R89 Migration Summary
Is complete except for the migration of the second (non-HEP) robot
High Level Schedule
Phase II Migration (Tier-1) Mon 22/06/09 Fri 03/07/09 Phase II contingency (Tier-1 Frozen) Mon 06/07/09 Fri 17/07/09 Final Update Window Mon 20/07/09 Wed 26/08/09 Tier-1 Stability Period (2) Thu 29/08/09 Fri 28/08/09 LHC First beam October? LHC Collisions November?
Note that:
- Provided stability is achieved this week, next update window can commence 13 July (1 week early)
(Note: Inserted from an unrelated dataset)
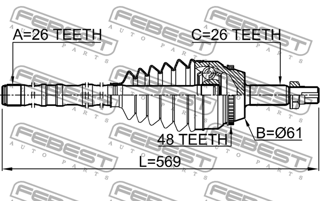 0114-ACV40L26A48 FEBEST ШРУС внешний с валом 26х61,3х26 TOYOTA CAMRY ACV40/GSV40 06-11 0114-ACV40L26A48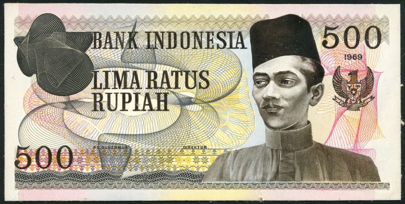 (†) Bank Indonesia, an obverse composite essay for a 500 rupiah, 1969, dark brown and multicoloured, young man at left, arms top right

- Final update window is now extended to end of August.
R89 Migration Downtime Plan
Resume CASTOR Service Mon 06/06/09 12:00 Resume batch Service Mon 06/06/09 14:00
Disaster Management
Swine Flu (H1N1) is being handled in the Tier-1 Disaster Management System (currently level 2)
Swine Flu Response Plan
See: https://wiki.e-science.cclrc.ac.uk/web1/bin/view/EScienceInternal/TierOneSwineFlu
Purchasing and Finance
- GRIDPP finalising spend plan
- Commencing current disk and CPU tenders (Dave Corney leading). Target date for disk delivery is end of December. First meeting of HAG has occurred. Expect to have disk paperwork ready next week.
Staffing
- One experiment support post accepted and progressing. Second experiment support post, ready to make offer.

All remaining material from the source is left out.